> [WHAT IS BEING ASKED]: With the pictures omitted, print exactly the lines below, from the one containing "Made from a" through the one containing "近日,受持续低温影响,辽宁省葫芦岛市附近海域出现海冰,形成独特景观。", and nothing else.

> [WORKING DATA]:
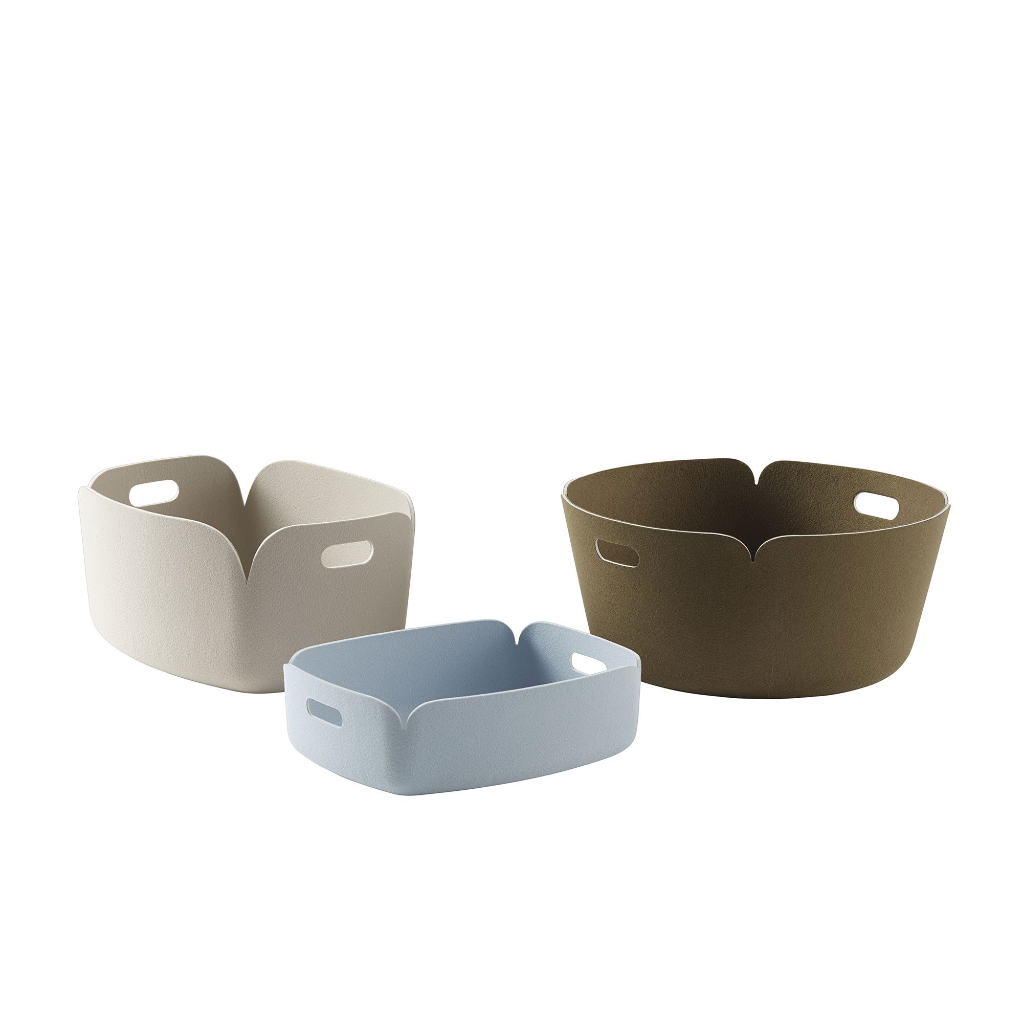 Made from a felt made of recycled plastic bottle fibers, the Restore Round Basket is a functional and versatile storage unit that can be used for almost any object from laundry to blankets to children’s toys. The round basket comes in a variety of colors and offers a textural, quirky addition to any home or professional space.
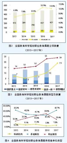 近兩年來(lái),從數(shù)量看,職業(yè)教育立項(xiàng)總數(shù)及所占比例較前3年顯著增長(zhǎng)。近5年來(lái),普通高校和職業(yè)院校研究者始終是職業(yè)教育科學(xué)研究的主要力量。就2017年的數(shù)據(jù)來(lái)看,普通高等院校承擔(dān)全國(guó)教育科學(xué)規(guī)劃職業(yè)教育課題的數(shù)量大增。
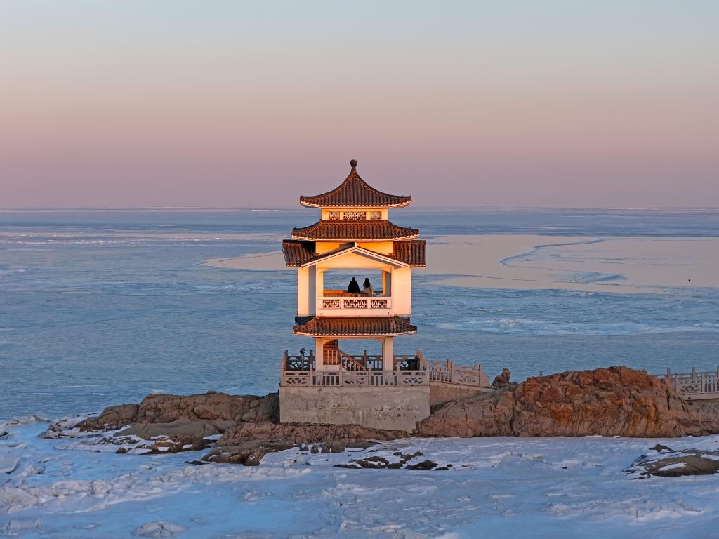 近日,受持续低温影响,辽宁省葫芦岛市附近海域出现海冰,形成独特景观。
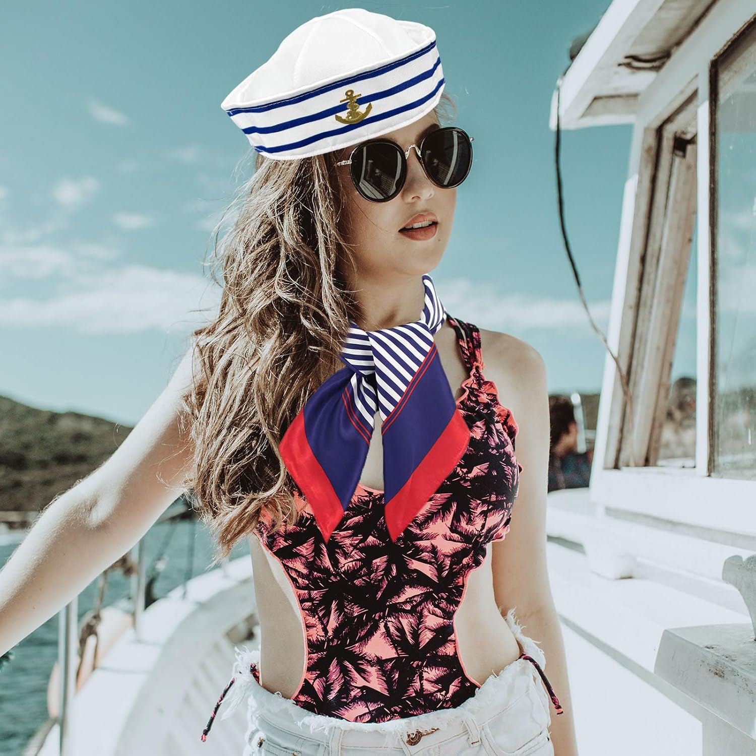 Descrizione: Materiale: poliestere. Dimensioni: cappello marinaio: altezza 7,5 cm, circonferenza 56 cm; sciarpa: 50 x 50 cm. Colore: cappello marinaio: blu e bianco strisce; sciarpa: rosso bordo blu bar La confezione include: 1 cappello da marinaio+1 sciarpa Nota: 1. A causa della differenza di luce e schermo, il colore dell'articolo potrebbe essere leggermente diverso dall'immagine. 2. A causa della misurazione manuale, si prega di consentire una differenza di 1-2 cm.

--

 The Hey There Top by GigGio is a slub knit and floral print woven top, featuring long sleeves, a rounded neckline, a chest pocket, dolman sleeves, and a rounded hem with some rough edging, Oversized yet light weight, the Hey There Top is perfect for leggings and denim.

> [RESPONSE FOR THIS EXERCISE]:
 Made from a felt made of recycled plastic bottle fibers, the Restore Round Basket is a functional and versatile storage unit that can be used for almost any object from laundry to blankets to children’s toys. The round basket comes in a variety of colors and offers a textural, quirky addition to any home or professional space.
 近兩年來(lái),從數(shù)量看,職業(yè)教育立項(xiàng)總數(shù)及所占比例較前3年顯著增長(zhǎng)。近5年來(lái),普通高校和職業(yè)院校研究者始終是職業(yè)教育科學(xué)研究的主要力量。就2017年的數(shù)據(jù)來(lái)看,普通高等院校承擔(dān)全國(guó)教育科學(xué)規(guī)劃職業(yè)教育課題的數(shù)量大增。
 近日,受持续低温影响,辽宁省葫芦岛市附近海域出现海冰,形成独特景观。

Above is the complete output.